Department of Medical Oncology, Dana-Farber Cancer Institute and Brigham and Women's Hospital, Harvard Medical School, 44 Binney Street, Mayer 457, Boston, MA 02115, USA.

出版信息

Mol Cell Biol. 2007 Aug;27(15):5381-92. doi: 10.1128/MCB.00282-07. Epub 2007 May 25.

Abstract

Clear cell carcinoma of the kidney is a major cause of mortality in patients with von Hippel-Lindau (VHL) disease, which is caused by germ line mutations that inactivate the VHL tumor suppressor gene. Biallelic VHL inactivation, due to mutations or hypermethylation, is also common in sporadic clear cell renal carcinomas. The VHL gene product, pVHL, is part of a ubiquitin ligase complex that targets the alpha subunits of the heterodimeric transcription factor hypoxia-inducible factor (HIF) for destruction under well-oxygenated conditions. All VHL mutations linked to classical VHL disease compromise this pVHL function although some missense mutations result in a low risk of kidney cancer (type 2A VHL disease) while others result in a high risk (type 2B VHL disease).
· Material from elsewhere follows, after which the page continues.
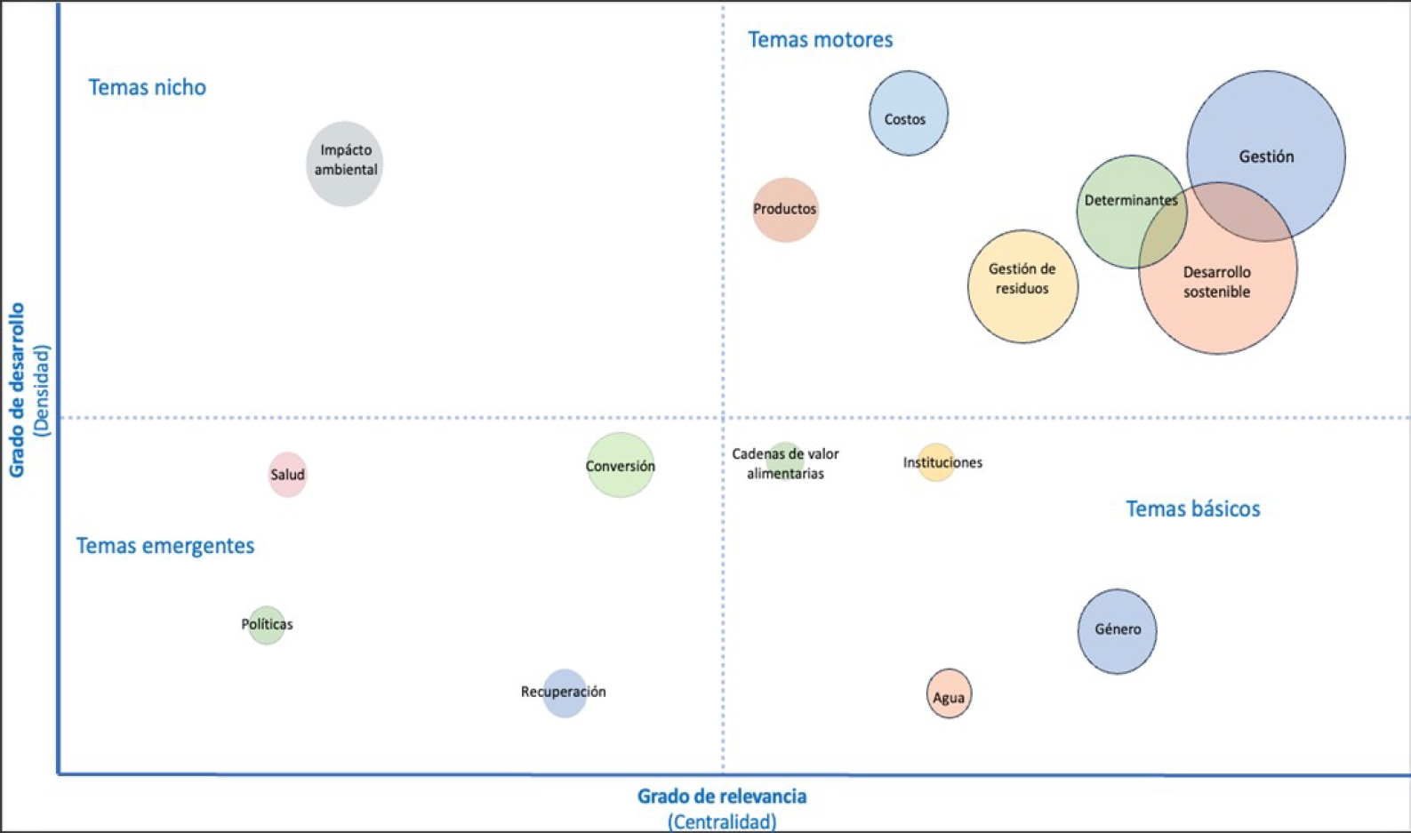 Posteriormente, se evaluó la estructura conceptual de las publicaciones mediante Bibliometrix (Aria y Cuccurullo, 2017), una herramienta basada en R, que permite la creación de mapas temáticos y el análisis de la evolución temática a lo largo del tiempo (Aria et al., 2020). Los mapas temáticos resultantes, visualizaron los patrones estructurales y cognitivos del dominio, agrupando las temáticas en clústeres basados en valores de centralidad y densidad (Callon et al., 1991). Estos mapas, se dividen en cuatro cuadrantes que representan los diferentes tipos de temáticas: motrices, fundamentales, emergentes y especializadas. Para la construcción de estos mapas, se utilizó el campo “palabras clave plus”, ya que, según Olawumi y Chan (2018), este campo, ayuda a identificar conceptos y contenidos clave de los documentos científicos, además de mostrar el desarrollo del dominio a lo largo del tiempo.

We found that type 2A mutants were less defective than type 2B mutants when reintroduced into VHL-/- renal carcinoma cells with respect to HIF regulation. A stabilized version of HIF2alpha promoted tumor growth by VHL-/- cells engineered to produce type 2A mutants, while knock-down of HIF2alpha in cells producing type 2B mutants had the opposite effect. Therefore, quantitative differences with respect to HIF deregulation are sufficient to account for the differential risks of kidney cancer linked to VHL mutations.

摘要

肾透明细胞癌是冯·希佩尔-林道(VHL)病患者死亡的主要原因,该病由种系突变引起,这些突变使VHL肿瘤抑制基因失活。由于突变或高甲基化导致的双等位基因VHL失活在散发性肾透明细胞癌中也很常见。VHL基因产物pVHL是泛素连接酶复合物的一部分,该复合物在氧合良好的条件下靶向异二聚体转录因子缺氧诱导因子(HIF)的α亚基进行降解。所有与经典VHL病相关的VHL突变都会损害这种pVHL功能,尽管一些错义突变导致肾癌风险较低(2A型VHL病),而另一些则导致高风险(2B型VHL病)。我们发现,当重新引入VHL-/-肾癌细胞时,2A型突变体在HIF调节方面比2B型突变体缺陷更少。稳定化的HIF2α促进了经工程改造产生2A型突变体的VHL-/-细胞的肿瘤生长,而在产生2B型突变体的细胞中敲低HIF2α则产生相反的效果。因此,HIF失调方面的定量差异足以解释与VHL突变相关的肾癌的不同风险。